Intracerebral potentials to rare target and distractor auditory and visual stimuli. III. Frontal cortex

Affiliations

Intracerebral potentials to rare target and distractor auditory and visual stimuli. III. Frontal cortex

P Baudena et al. Electroencephalogr Clin Neurophysiol. 1995 Apr.

Abstract

Evoked potentials (EPs) were recorded from 991 frontal and peri-rolandic sites (106 electrodes) in 36 patients during an auditory discrimination task with target and non-target (distractor) rare stimuli. Variants of this task explored the effects of attention, dishabituation and stimulus characteristics (including modality). Rare stimuli evoked a widespread triphasic waveform with negative, positive and negative peaks at about 210, 280 and 390 msec, respectively. This waveform was identified with the scalp EP complex termed the N2a/P3a/slow wave and associated with orienting. It was evoked by rare target and distractor auditory and visual stimuli, as well as by rare stimulus repetitions or omissions. Across most frontal trajectories, N2a/P3a/SW amplitudes changed only slowly with distance.
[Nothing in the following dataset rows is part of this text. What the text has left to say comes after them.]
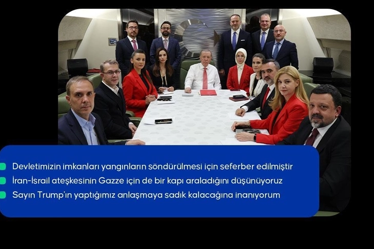 Cumhurbaşkanı Erdoğan, bir basın mensubunun, İran'daki ateşkes sonrasında gözlerin Gazze'ye çevrildiğini ve burada da bir ateşkesin beklendiğini belirterek, özellikle ABD'nin İsrail'i ateşkese zorlayıcı adımlar atmasının beklenip beklenmediği sorusu üzerine, "Gazze'nin kaybedecek vakti yok, Gazze'de insanlık can çekişiyor. İnsanların açlığa mahkum edilmesinin, üzerlerine bombaların yağdırılmasının görmezden gelinmesi insanlıkla bağdaşmıyor. Bir an önce ateşkesin sağlanması ve insani yardımların oraya en etkin biçimde ulaştırılması için çabalıyoruz. Türkiye olarak diplomatik gayretlerimizi hiç kesmedik ve her muhatabımızla oradaki insani tablonun vahametini konuşuyoruz." ifadelerini kullandı.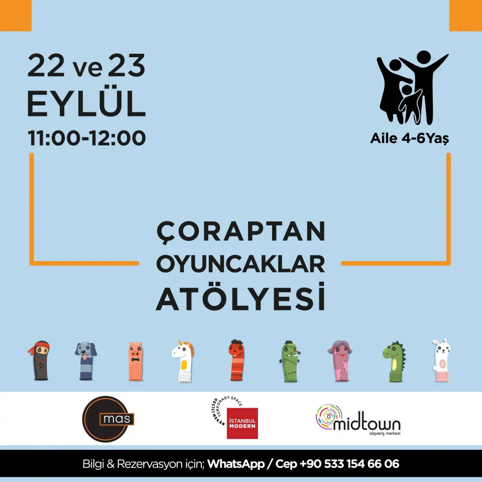 İstanbul Modern Sanat Müzesi tarafından gerçekleştirilen sanat atölyeleri 22 Eylül Cumartesi - 23 Eylül Pazar günü 2 farklı atölye ile MAS Akademi’de aile ve çocuklarla buluşuyor.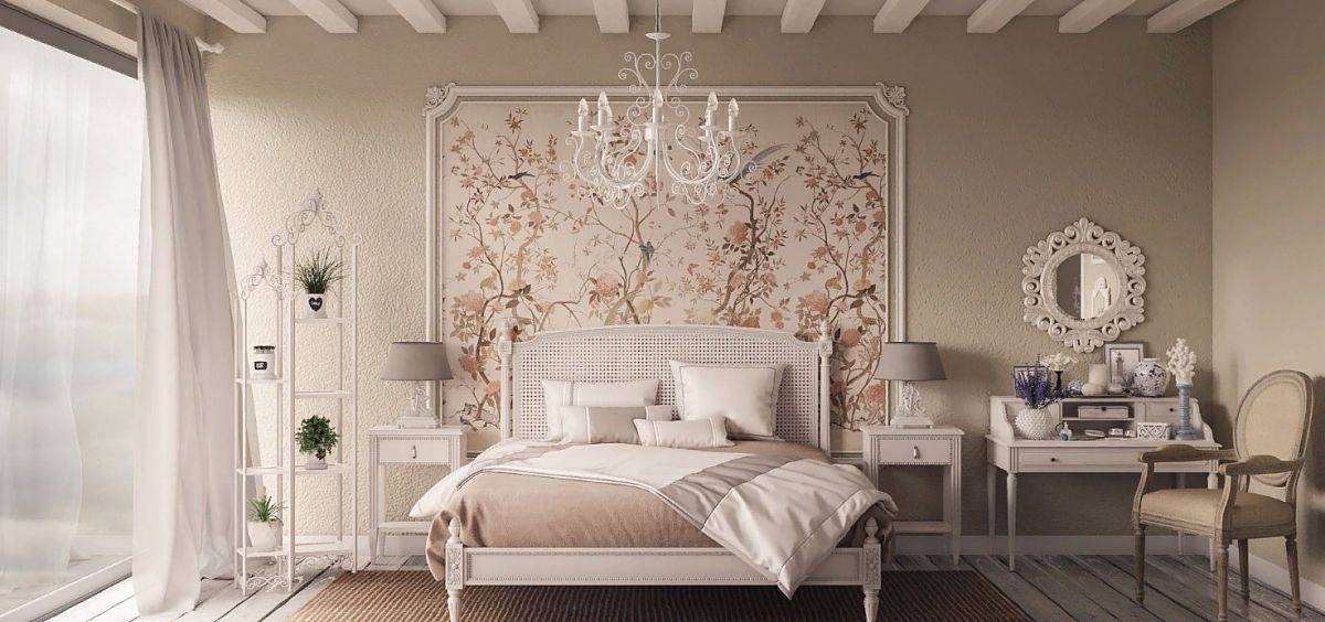 Спальни в хрущевке маленькие, и оформление их в стиле прованс нужно тщательно продумать. Стены можно оклеить обоями с изображением цветов, листьев. Если комната узкая, их лучше просто побелить. Это позволит визуально расширить пространство.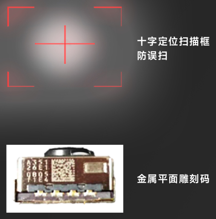 激光雕刻在PCB表面的微小二维码,激光雕刻在金属材质表面的微小二维码,印刷在标签上的细小条码,曲面/反光/彩色背景上的复杂条码,低对比度条码,隐形码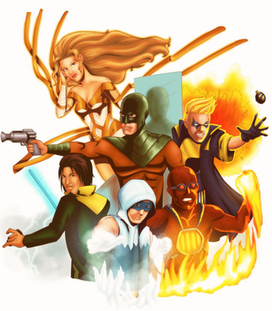 Well, it's not really a comic. It's written stories, but we have art tie-ins (and some comic pages). The heroes are all regular character with no super-powers. Except Resin. He has a super suit which gives him super-strength. Though, he's a scientist, thus his logo.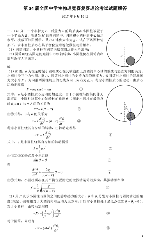 2017年第34届物理竞赛初赛试题&答案公布(官方)2017-09-02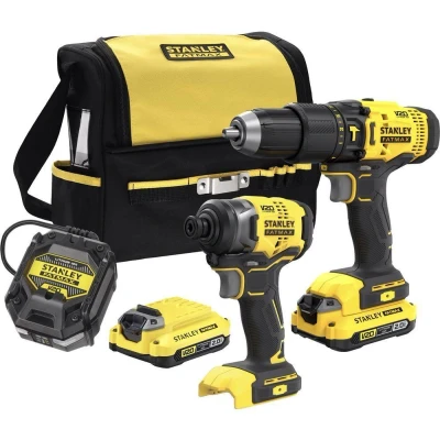 Get ready to tackle your DIY projects with this cordless Stanley FatMax V20 combo drill and impact driver kit. You can drill, drive, chisel and hammer without worrying about wires. The SFMCD711 Hammer Drill works with wood, metal and plastic. And the SFMCF800 Impact Driver can be used for driving large fasteners and other high torque applications.Good to know- Both drills have different speed and power options, find the right fit for the job- The kit comes with an 18 V charger, 2 Lithium-ion batteries and a soft bag to store it- You can keep an eye on battery levels with the built-in indicator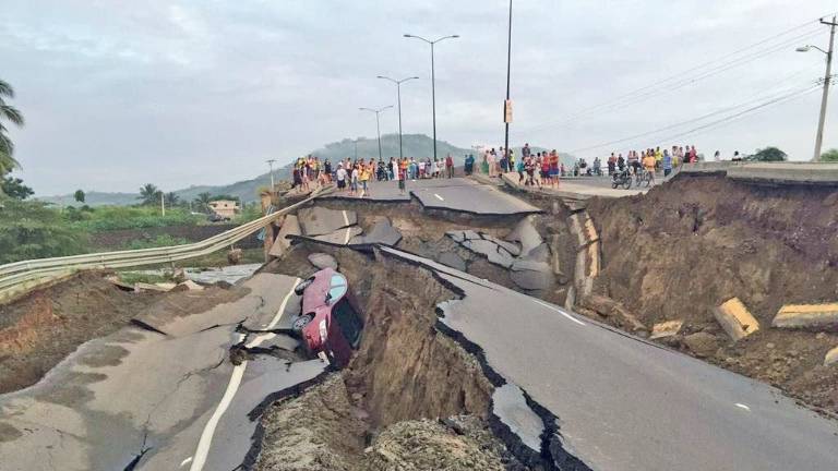 Por ejemplo, en vías de Tosagua y Chone se ha registrado uno que los geólogos conocen con el nombre de “sinkhole”, grietas circulares que revelan agua subterránea y arcilla.
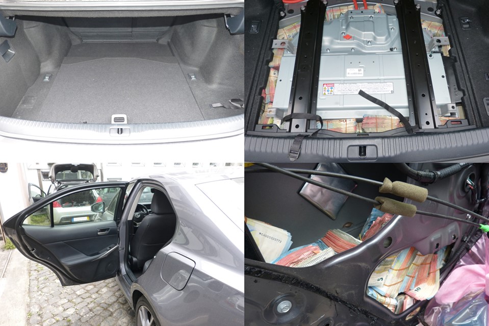 No cumprimento de mandados de busca emitidos por autoridade de polícia criminal da Polícia Judiciária, “foram encontrados dezenas de molhos de notas, escondidos por dentro do forro das portas e na bagageira do veículo, que foi igualmente apreendido”.
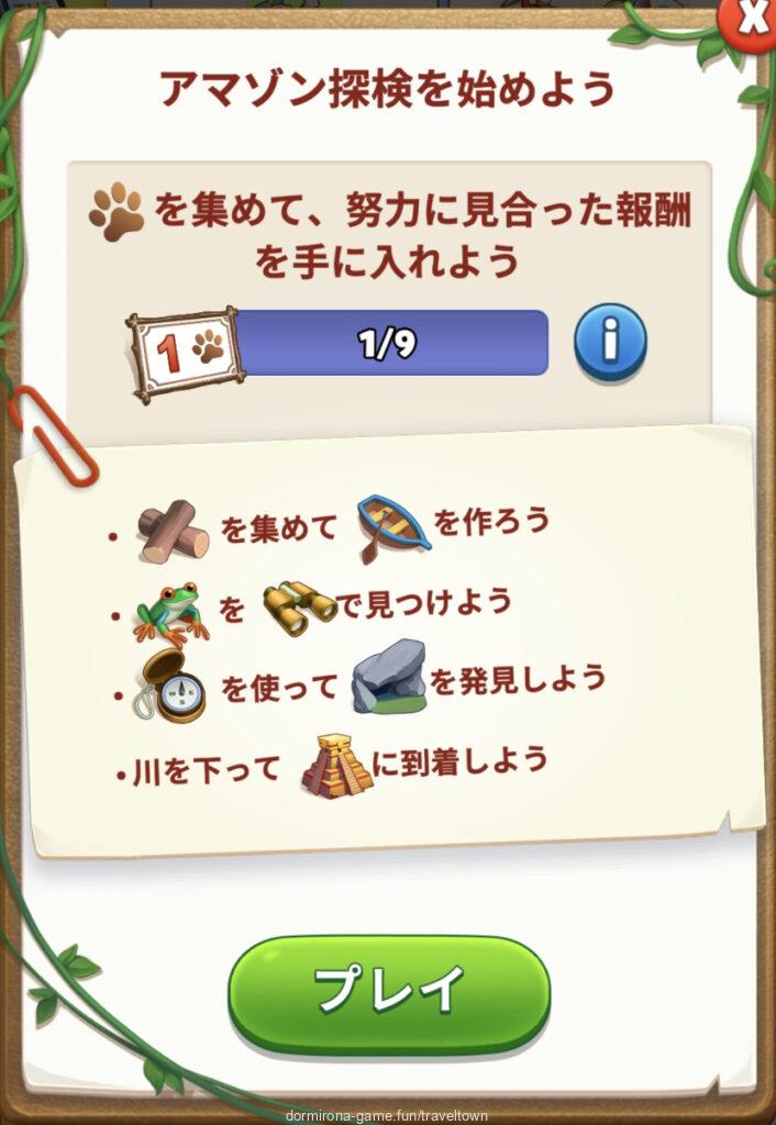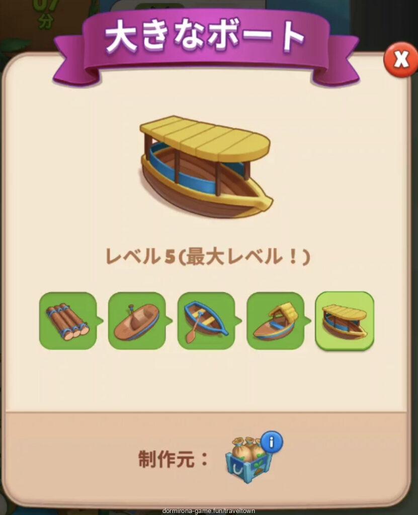 - アマゾン川に沿ってイカダで上っていくとボートになる岩にぶつかり、丸太Lv2が3個できる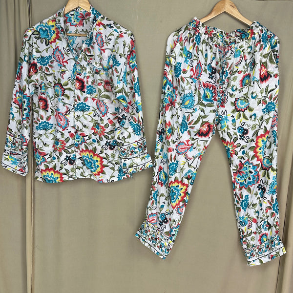 Silk Blend PJ Set | White Floral Silky Soft Pajama Set

However, large (120 microV) P3as with steep voltage gradients were observed laterally, especially near the inferior frontal sulcus, and clear inversions of the P3a were noted in the orbito-frontal and the anterior cingulate cortices. The frontal P3a was earlier to distractor than to target stimuli, but only in some sites and with a latency difference much smaller than that observed at the scalp. Frontal P3a latencies were significantly shorter than those recorded simultaneously at the scalp and often were also shorter than P3a latency in the parietal or temporal lobes. In summary, this study demonstrates an early P3a-like activity that polarity inverts over short distances in the medial frontal lobe, and that it has a significantly shorter latency than similar potentials recorded in the temporal and parietal cortices.